The Paulson bailout plan might not be the greatest thing since sliced bread and certainly, pressure should be put upon lawmakers to improve it and limit the losses to taxpayers, but just saying NO to a bailout plan when banks are currently borrowing at the rate of $200 billion per day from the Fed (that's $200,000,000,000) just to keep afloat seems very short-sighted.

Eve writes:

The following is the only sensible comment by a member of congress I have heard or read on this matter:

"The financial meltdown the economists of the Austrian School predicted has arrived.

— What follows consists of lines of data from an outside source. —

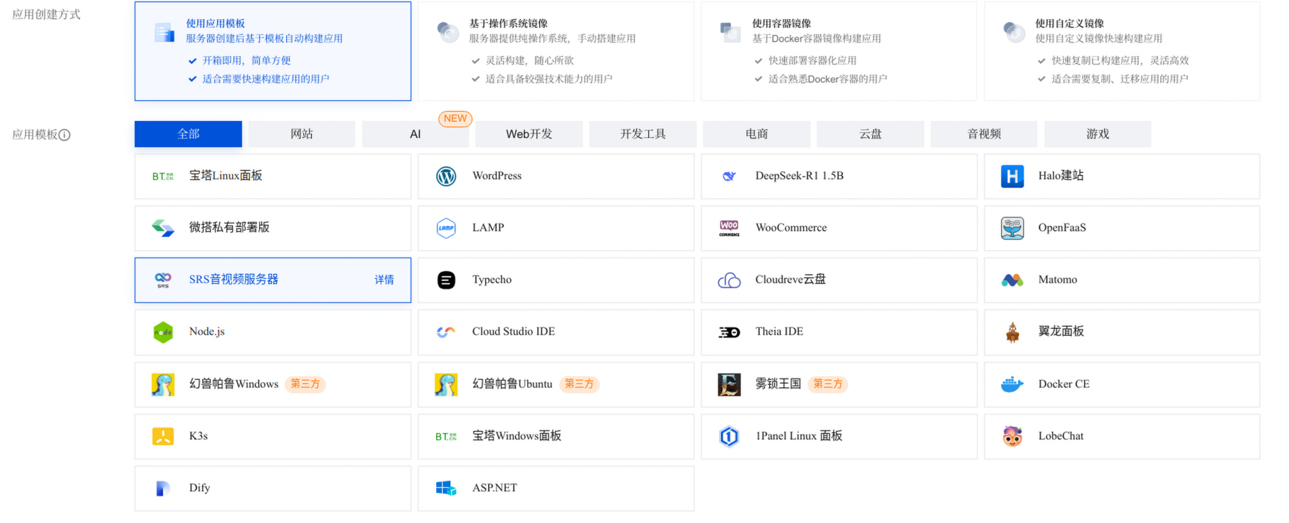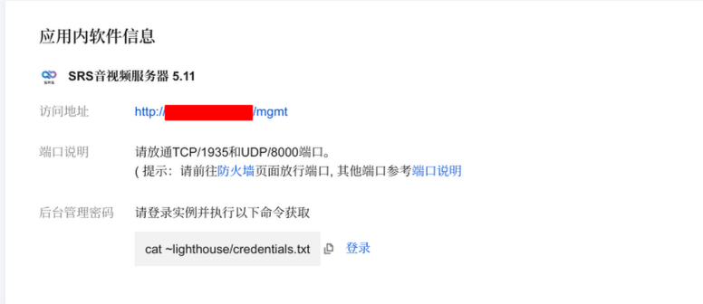 购买完成后,前往控制台便可以看到我们的服务器了。点击我们的服务器,点击应用管理,就可以进入到我们的srs了。服务器配置时已经自动为我们放行了防火墙的必须端口,我们无须再做其他配置就可以进入srs。初次使用的时候需要设置密码。
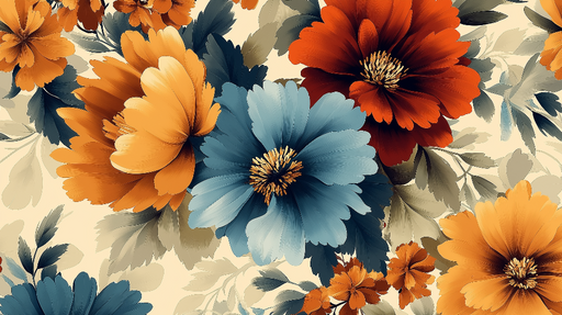 Alle gegevens bekijkenFoto Behang bloemen | Kleurrijke bloemenpatronen in tinten oranje en blauw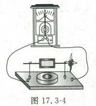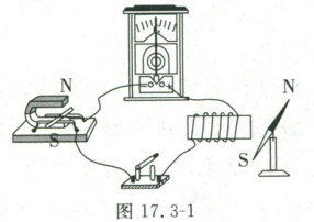 2. 在水平桌面上按照图17.3-1所示装置进行实验,闭合开关,使铜棒在水平金属轨道上快速左右运动,观察到灵敏电流计的指针发生偏转,这一现象与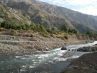 - Paredones (Río de). Ofrece minas de cobre, rodados i laderas de fuerte pendiente en la parte superior de su cajón donde no hai senderos i se encuentran algunos ensanches i un poco de pasto, del que en jeneral es pobre, pues no se halla en el sino manchones verdes compuestos de malezas que los animales no comen; se angosta la quebrada después del ensanche, que sigue aguas abajo de la desembocadura del arroyo de Mamá i el río corre encerrado por macizos, con nieves eternas en sus cimas i caídas en gran parte verticales lo que le ha valido su denominación. Corre hacia el W i con el de Flores forma el río Pangal, del Cachapoal.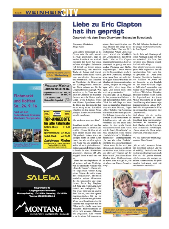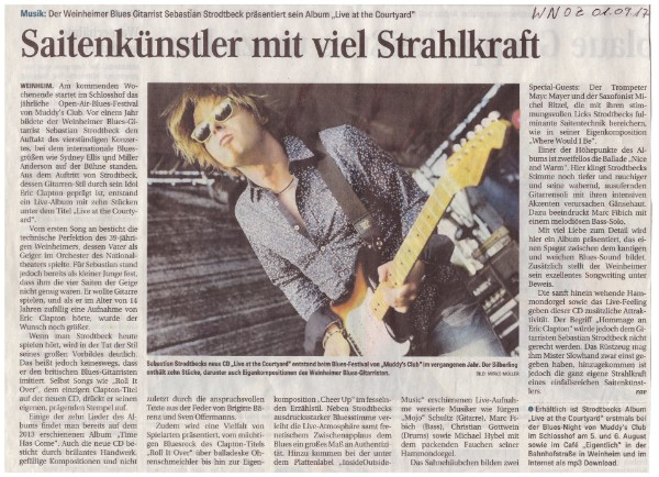 "Bei der dritten Blues Night von "Muddy´s Club" platzte der Weinheimer Schlosshof mit run 700 Besuchern aus allen Nähten. Sie erlebten einen Ausflug in die soul- und bluesseligen 60er und 70er Jahre. Eigentlich dürften die Zeiten vorüber sein, in denen Sebastian Strodtbeck und seine Band als Support angekündigt werden. Der Rolle des Nachwuchsgitarristen ist der 38-jährige Weinheimer längst entwachsen. Er pflegt einen soliden britischen Rythm´n´Blues-Stil und hatte mit der Blues- Nummer "Cheer Up" eine Uraufführung zu bieten. ..."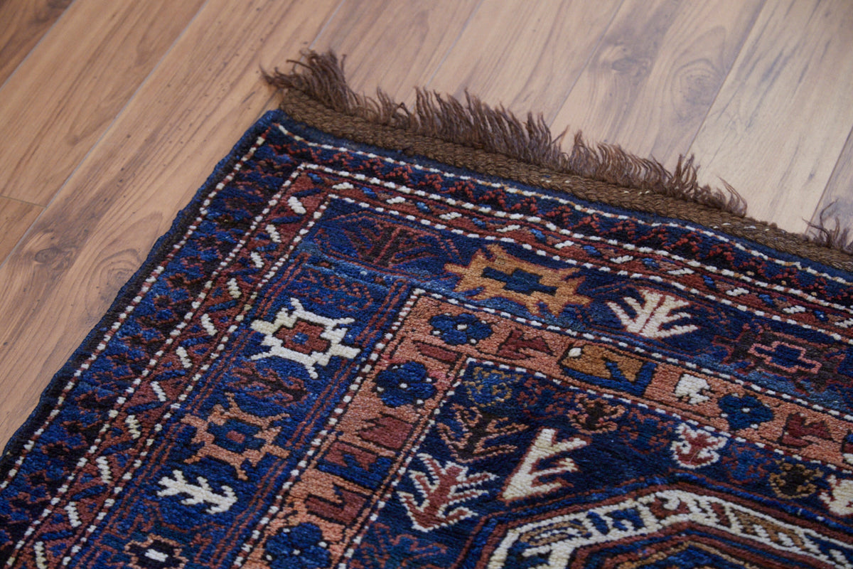 * All rugs in our collection are hand woven pieces of folk art. Pieces are chosen by our curator for their specific wear and patina. Please read descriptions carefully.

We are in this crisis because of an excess of artificially created credit at the hands of the Federal Reserve System. The solution being proposed? More artificial credit by the Federal Reserve. No liquidation of bad debt and malinvestment is to be allowed. By doing more of the same, we will only continue and intensify the distortions in our economy - all the capital misallocation, all the malinvestment - and prevent the market's attempt to re-establish rational pricing of houses and other assets.

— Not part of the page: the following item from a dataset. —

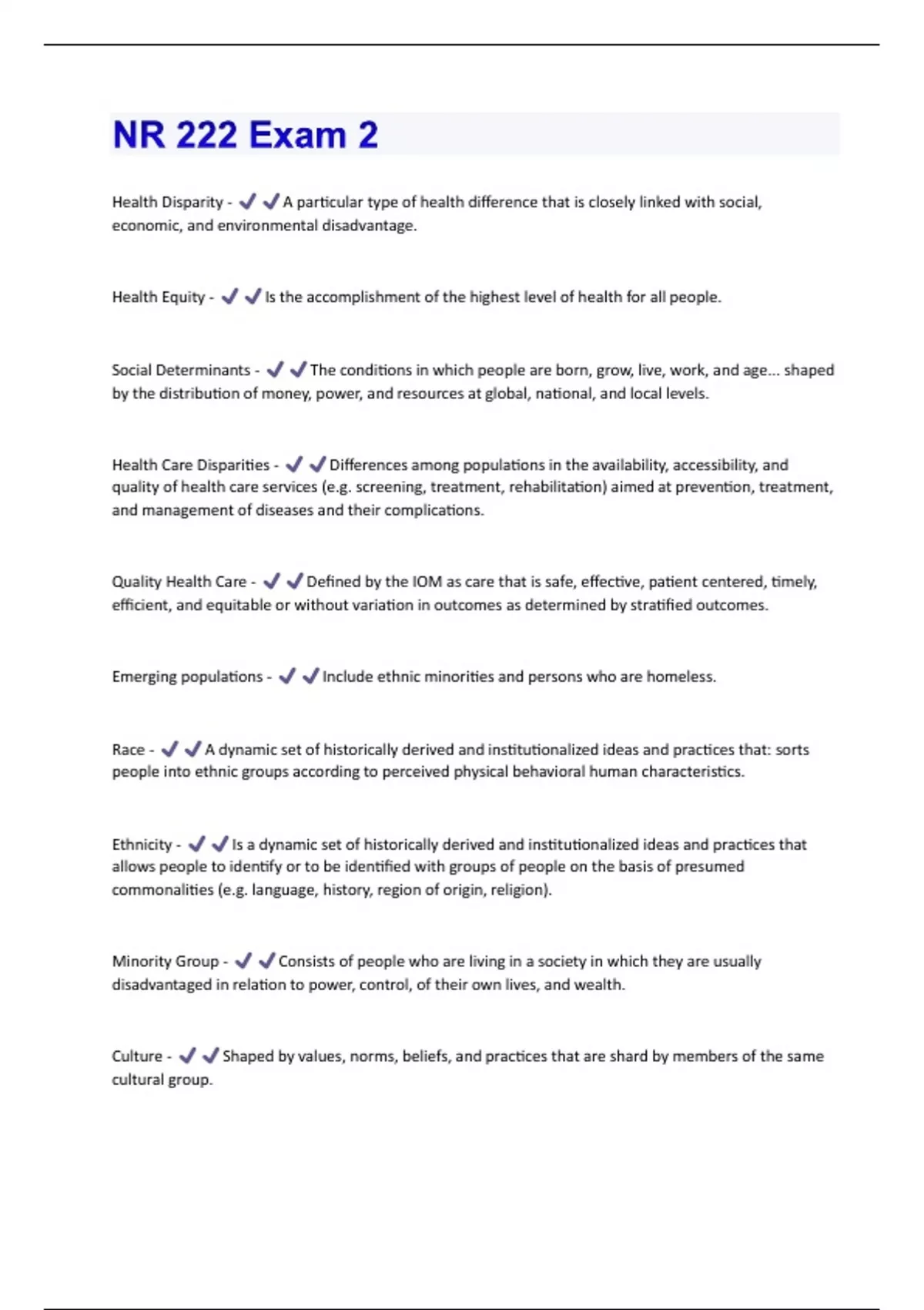 Health Disparity - A particular type of health difference that is closely linked with social, economic, and environmental disadvantage. Health Equity - Is the accomplishment of the highest level of health for all people. Social Determinants - The conditions in which people are born, grow, live, work, and age... shaped by the distribution of money, power, and resources at global, national, and local levels. Health Care Disparities - Differences among populations in the availability, accessibility, and quality of health care services (e.g. screening, treatment, rehabilitation) aimed at prevention, treatment, and management of diseases and their complications. Quality Health Care - Defined by the IOM as care that is safe, effective, patient centered, timely, efficient, and equitable or without variation in outcomes as determined by stratified outcomes. Emerging populations - Include ethnic minorities and persons who are homeless. Race - A dynamic set of historically derived and institutionalized ideas and practices that: sorts people into ethnic groups according to perceived physical behavioral human characteristics. Ethnicity - Is a dynamic set of historically derived and institutionalized ideas and practices that allows people to identify or to be identified with groups of people on the basis of presumed commonalities (e.g. language, history, region of origin, religion). Minority Group - Consists of people who are living in a society in which they are usually disadvantaged in relation to power, control, of their own lives, and wealth. Culture - Shaped by values, norms, beliefs, and practices that are shard by members of the same cultural group.Intersectionality - The dynamic perspective that we all belong simultaneously to multiple social groups within changing social and political contexts. Oppression - System of advantages and disadvantages tied to our membership in social groups. Values - Beliefs of the worth of something and serve as standards that influence behavior and thinking. Value orientations - Are learned and shard thorough the socialization process, reflect, the personality type of a particular society. Cultural Competency - One of the major elements in eliminating health disparities; it starts with an honest desire to disregard personal biases and to treat every person with respect. Enabling of health care providers to deliver services that are respectful of and responsive to the health beliefs, practices, and cultural and linguistic needs of diverse patients. Transcultural Nursing - A comparative study of cultures to understand their similarities and differences among them. Culturally Congruent Care - Care that fits a persons life patterns, values, and system of meaning; bridge cultural gaps to provide meaningful and supportive care for all patients. Cultural Awareness - An in-depth self-examination of one's own background, recognizing biases, prejudices, and assumptions about other people. Cultural Knowledge - Sufficient comparative knowledge of diverse groups, including the values, health beliefs, care practices, world view, and bicultural ecology commonly found within each group. Cultural Skills - Ability to assess social, cultural, and biophysical factors that influence patient treatment and care.Cultural Encounters - Cross-cultural interactions that provide opportunities to learn about other cultures and develop effective intercultural communication. Cultural Desire - The motivation and commitment to caring that moves an individual to learn from others, accept the role as a learner, be open to and accepting of cultural differences, and build on cultural similarities. Professional Care Systesm - Characterized by specialized education and knowledge, responsibility for care, and expectation of remuneration of services rendered. Folk Healing System - Embodies the beliefs, values, and treatment approaches of a particular cultural group that are products of cultural development (ex. herbalists, spiritualists, lay midwives). Arab American Health Issues - Adult-onset diabetes, coronary artery disease, cardiovascular disease, mental health, tobacco consumption, hypertension, and heart disease. Arab American Risk Factors - Obesity, low employment rates, tobacco consumption (mostly Shisha and cigarettes), acculturation (age of migration, and length of stay can affect this). Arab American Barriers - Religious beliefs and practices, cultural norms relating to modesty, family values of upholding family's reputation, gender issues (prefer same-sex provider), folk remedies, stresses of assimilation and acculturation, and lack of culturally competent services (due to stereotyping and discrimination). Arab American Cultural Aspects - Customs center on food, family, and friends; families are large; religion (restrictions on diet, and prayer rituals); present oriented and view future as uncertain. Asian American Health Issues - Cancer (stomach), heart disease, stroke, unintentional injuries, diabetes, COPD, Hep B, HIV/AIDS, tuberculosis, liver disease, and mental health. Asian American Risk Factors - Smoking, drinking, and infrequent medical visits.Asian American Barriers - Language/cultural, lack of health insurance, fear of transportation, won't question authority, sex is a taboo topic, hesitant to seek health care, and poverty. Asian American Cultural Aspects - Family is the most important institution, honor of the family is more important than the individual, oldest male is decision maker, folk medicine (taoism, chi, yin/yang, herbs, accupuncture. Latino American Health Issues - Heart disease, cancer, HIV/AIDS, stroke, diabetes, cardiovascular disease, asthma, COPD, mental health, and liver disease. Latino American Risk Factors - Obesity.

Last night the president addressed the nation about the financial crisis. There is no point in going through his remarks line by line, since I'd only be repeating what I've been saying over and over - not just for the past several days, but for years and even decades.

Still, at least a few observations are necessary.

The president assures us that his administration "is working with Congress to address the root cause behind much of the instability in our markets." Care to take a guess at whether the Federal Reserve and its money creation spree were even mentioned?
-Ron Paul
Read the rest at

[Comment elided and link provided. Please do not paste to EconLog large blocks of material that have been published elsewhere. Please give sources for quoted material.--Econlib Ed.]

Dave R writes:

The financial sector is definitely overdeveloped - great point! It is hangover from the excessive liquidity of the Greenspan years which juiced the economy and cushioned us from downturns, but you don't get something for nothing - and the bursting of the housing bubble (2nd wave after the bursting of the stock market bubble), is the aftereffects of that excessive liquidity.

See my blog post:
Just Say No to the Bailout Plan

Dougist writes:

The farther away from the intersection of Wall and Nassau street the more unnecessary Treasury's plan looks. But that distance only fogs the vision of a banking system ready to fail, with massive implications for our nation.

I wrote about it here:

Lets hope that tomorrow Congress will finally do the right thing and we will never have to find out if I, and ever other finance executive in New York are right about the depths of this crisis.


dlr writes:

Well, surprise, surprise, and thank goodness, they have temporarily halted the juggernaut. Here's hoping that the administration actually goes back to the drawing board and tries to come up with a good plan. Sigh. I suppose that would be too much to hope for. I saw something over on that was breath-taking better than the administrations plan.

What do you think about it, Mr Kling? I would really like to get your take.